Opened 16 years ago
Closed 13 years ago
#348 closed enhancement (fixed)
Compress replication changesets
Reported by: | Olly Betts | Owned by: | Dan |
---|---|---|---|
Priority: | normal | Milestone: | 1.3.1 |
Component: | Backend-Brass | Version: | SVN trunk |
Severity: | normal | Keywords: | |
Cc: | dcolish@… | Blocked By: | |
Blocking: | Operating System: | All |
Description
We should probably compress changesets for replication with zlib as we store to disk and uncompress after they've been sent over the network.
Advantages are that replication would need much less disk space and network bandwidth. Disadvantage is a bit more CPU needed.
My feeling is that it's probably best to always do it though (at least until we have a backend which produces less compressible blocks) as replication is likely to be I/O bound. We can always use the equivalent of gzip -1
to trade speed/space.
Setting milestone:1.1.1 for now - I'm currently intending to mark replication as "experimental" for 1.1.0.
Attachments (2)
Change History (12)
comment:1 by , 16 years ago
Milestone: | 1.1.1 → 1.1.2 |
---|
comment:2 by , 15 years ago
Priority: | normal → high |
---|
comment:4 by , 15 years ago
I'm not fully convinced that it's sensible to always compress the changesets, though the argument about keeping the number of codepaths to a minimum seems quite compelling, and I suspect it would be an improvement in most cases. CPU doesn't seem likely to be the limiting factor when applying changesets on the clients, but I've not enough evidence to be sure about that either way.

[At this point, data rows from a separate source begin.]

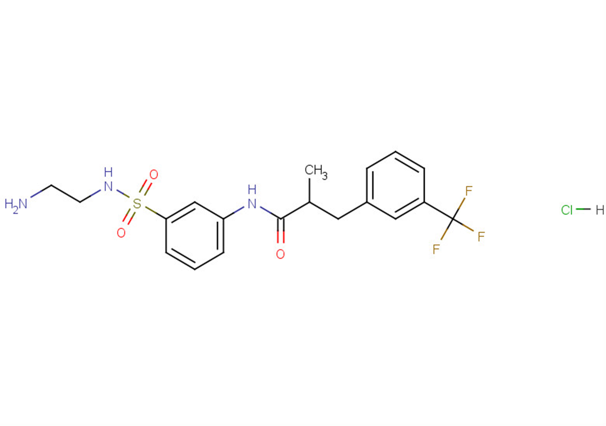 SMILESO=C(NC1=CC=CC(S(=O)(NCCN)=O)=C1)C(C)CC2=CC=CC(C(F)(F)F)=C2.[H]Cl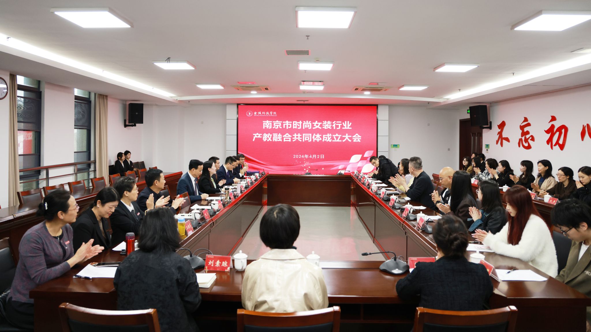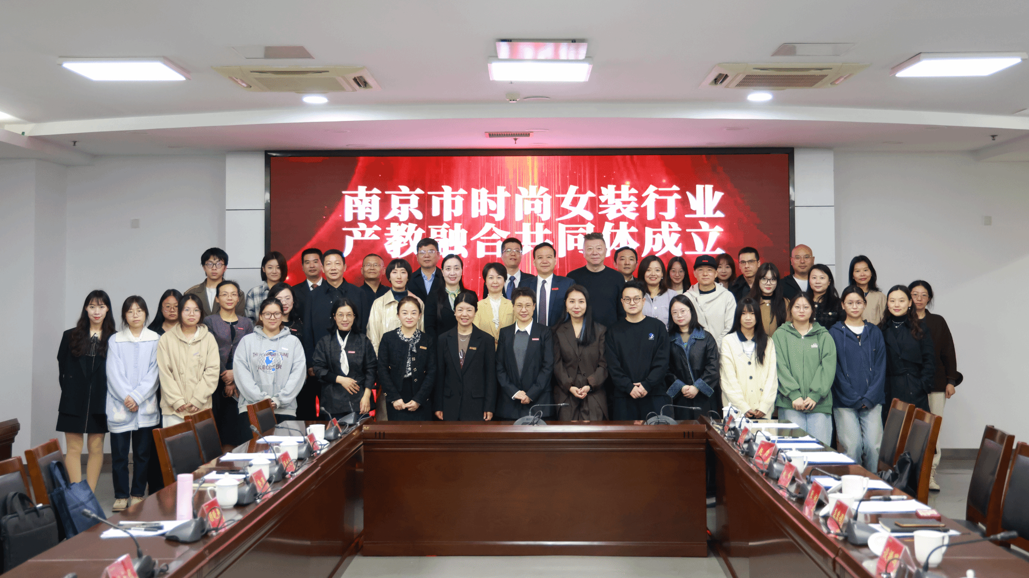 刘永彪、谈振国、姚峰、王利、赵力共同为南京市时尚女装行业产教融合共同体揭牌。会议审议通过了《南京市时尚女装行业产教融合共同体章程》。顾晓燕为谈振国、姚峰、王利、赵力等颁发研究员聘书。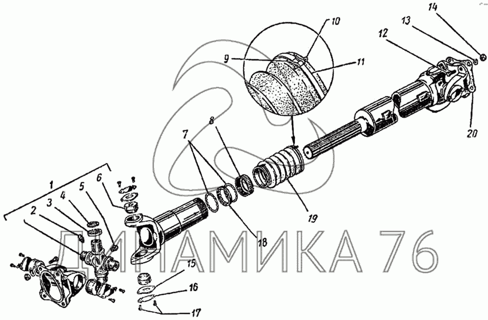 Перечень комплектующих от Карданный вал на ГАЗ-51 (63, 63А)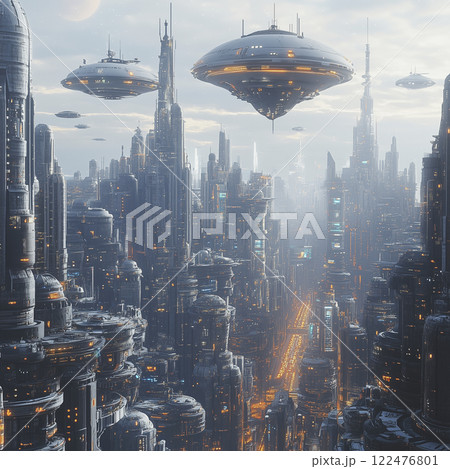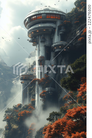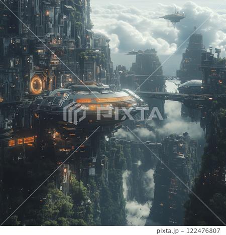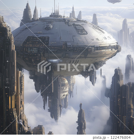 霧と雲に浮かぶSF未来都市の風景「AI生成画像」

Changesets already begin with a magic string to make the file easy to identify, followed by an integer version number (currently 1), so there would be no need to change the format on disk in a backwards incompatible manner to support both compressed and non-compressed changesets here: we'd just use version number 2 for compressed changesets. [The version numbers were partly implemented with this in mind, and partly so that we could support other schemes in future, such as storing the sequence of key-tag operations involved in a changeset, rather than the block level changes.]
If we're willing to support a second codepath for non-compressed changesets, we can punt this to 1.2.x. - we might need to leave compression off by default until 1.3.x if we did this though, so that any 1.2.x client could read changesets from any 1.2.y server.
I'd be happy to live with this, in the interests of getting 1.2 out the door.
comment:5 by , 15 years ago
Component: | Backend-Chert → Backend-Brass |
---|---|
Milestone: | 1.1.4 → 1.2.x |
Priority: | high → normal |
Type: | defect → enhancement |
And we can just drop uncompressed support in 1.3.x for brass if compressed is always a win (or close enough to one not to worry about it).
I suspect I may have to essentially reimplement replication for brass anyway - the current implementation is sadly rather mixed up with code we can't relicense, and brass is probably not going to be completely block based.
Marking for 1.2.x for now, but maybe 1.3.x is more realistic.
comment:6 by , 14 years ago
Cc: | added |
---|
comment:7 by , 14 years ago
Owner: | changed from | to
---|
comment:8 by , 13 years ago
Status: | new → assigned |
---|
comment:9 by , 13 years ago
Milestone: | 1.2.x → 1.3.0 |
---|
Dan says this is getting close, so pencilling in for 1.3.0 for now.
by , 13 years ago
Attachment: | compressed_cc.diff added |
---|
by , 13 years ago
Attachment: | compressed-changesets.diff added |
---|
comment:10 by , 13 years ago
Resolution: | → fixed |
---|---|
Status: | assigned → closed |
It seems this shouldn't require a lot of work, and it would be simpler just to have a single format for changesets rather than having the alternative of uncompressed which gives a second code path to test and maintain. So high priority.